Die Mangroven sind auch Ayobs Reich. Er ist einer der zahlreichen Naturführer hier. Weiß, wo sich Stachelrochen füttern lassen. Auf welchen Ästen sich die Python sonnt. Und er weiß, wie leicht dieses Gleichgewicht gestört werden kann. Lange Zeit fütterten Touristen die rotbraunen Adler mit Fleischbrocken von Booten aus. Das gehörte dazu, schließlich ist der Name „Langkawi“ vom malaiischen Wort für die Raubvögel abgeleitet. Dann aber klappten diese ihre Schwingen zusammen und gaben die Jagd auf. Das Ökosystem geriet ins Wanken: Die Population der Vipern, die Lieblingsbeute der Adler, schnellte in die Höhe. Fischer wurden Opfer der potenziell tödlichen Bisse. Heute dürfen Besucher nur noch zuschauen, wie sich die Vögel ins Wasser stürzen.
Die Insel war lange verflucht
Als Ayobs Mutter ihn vor knapp 40 Jahren in der Inselhauptstadt Kuah gebar, war Langkawi ein vergessenes Fleckchen Erde am nördlichen Ende der Straße von Malakka, kurz vor der Grenze zu Thailand. Nur eine rostige Fähre verband das Eiland über die Meerenge mit dem malaysischen Festland. Fischer waren in der Regenzeit Reisbauern. Es reichte sonst nicht zum Leben.
Die Insel war verflucht. Jedes Kind auf Langkawi kennt die Legende. Einst hatten Verschwörer eine junge Frau namens Mahsuri des Ehebruchs bezichtigt. Und obgleich sie ihre Unschuld beteuerte, ließ sie der Herrscher der Insel hinrichten. Weißes Blut soll aus ihrer Brust geflossen sein, als der Dolch ihr Herz durchbohrte. Ein Zeichen ihrer Unschuld, glaubt man bis heute. Im Moment des Sterbens verfluchte Mahsuri ihre Heimat. Sieben Generationen lang sollte das Land unfruchtbar bleiben. Und tatsächlich: Erst die achte Generation schüttelte Mitte der 1990er Jahre den Fluch ab – und der Tourismus erreichte das Eiland.
Nur halb so groß wie Rügen ist Langkawi. Das Miniaturmodell eines tropischen Traums. Hochaufragende Kalksteinfelsen zeichnen sich gegen den milchigen Himmel ab, reißende Wasserfälle stürzen sich in den undurchdringlichen Regenwald. Feinkörnige Sandstrände, an die gemächlich die jadegrüne Andamanensee schwappt. An den Küsten huschen Sandkugelkrebse herum, vollbringen ihr Tagewerk, indem sie kleine Gänge graben. Wenige Stunden später ist alles von der Flut verschluckt. Die Gezeiten lutschen an den ausgewaschenen Granitfelsen wie der Urlauber am schmelzenden Eis.

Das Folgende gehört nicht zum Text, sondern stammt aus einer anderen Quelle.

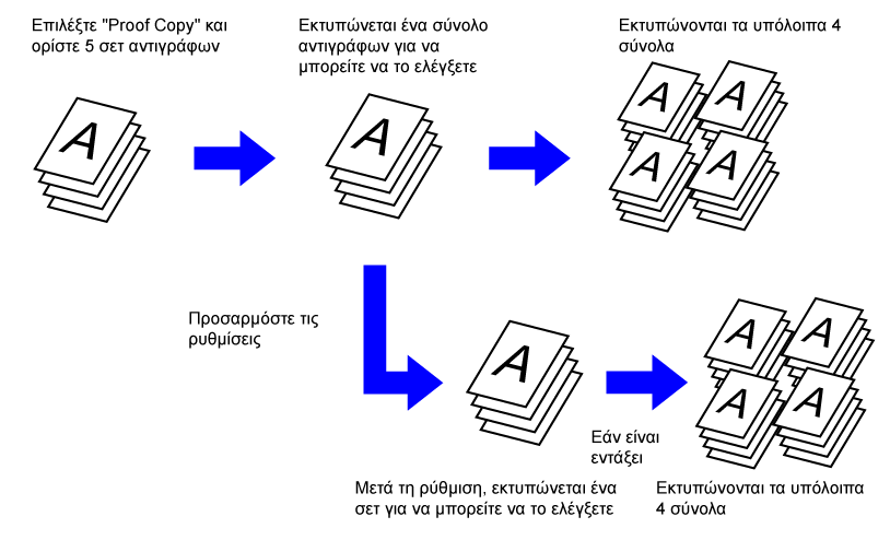 δοκιμαστικό αντίγραφο πριν από την εκτύπωση του καθορισμένου αριθμού αντιγράφων.

Warum aber ereilte die Insel nicht ein ähnliches Schicksal wie etwa das thailändische Phuket? Liegt es daran, dass Partytouristen bislang für den Besitz von Drogen die Todesstrafe fürchten müssen und homosexuelle Handlungen weiterhin strafbar sind? Pilgern deshalb vor allem Naturliebhaber hierher, weil sie auf Langkawi nicht viel davon mitbekommen? Einwohner sagen: „Das ist das Verdienst des Meisters.“
Ein Banker wurde zum Pionier des Ökotourismus
Die Spur führt in den äußersten Nordwesten der Insel. Ganz am Ende einer sich dahinschlängelnden Straße liegt die Datai-Bucht. Laut „National Geographic“ beherbergt sie einen der zehn schönsten Strände der Welt. Und dort sitzt er. Ein Zopf hält das bereits ergraute Haar zurück. Ein freundlicher Blick über einem sanft lächelnden Mund. Irshad Mobarak heißt der Meister mit bürgerlichem Namen.
Schon als Kind schickte ihn sein Vater barfuß in den Regenwald und im Einbaum durch die Mangroven. Warum er später Banker auf dem Festland wurde, kann sich der Mittfünfziger bis heute nicht erklären. Wohl aber, was ihn zurückkommen ließ. Bei einer Schnorcheltour sah er das erste Mal die Farbenpracht der Korallenriffe. Als er auftauchte, wusste Mobarak: Ich bin auf einem Irrweg. Und er wurde zum Pionier des Ökotourismus auf Langkawi. Das war vor 25 Jahren.
Damals waren hier Strandurlaub und Shopping angesagt. Für ein bisschen Naturerlebnis baute das Tourismusministerium eine Seilbahn. Steil hinauf, im Winkel von 45 Grad. Weltrekord. Vom Meeresniveau auf den 700-Meter-Berg in wenigen Minuten. Weit unter dem Glasboden der Kabine schwanken die Wipfel der Urwaldriesen. Als wäre man selbst einer dieser Adler. Oben wartet die spektakuläre „Skybridge“, eine schmale Brücke zwischen zwei Gipfeln. Beeindruckend, doch Mobarak wollte näher dran.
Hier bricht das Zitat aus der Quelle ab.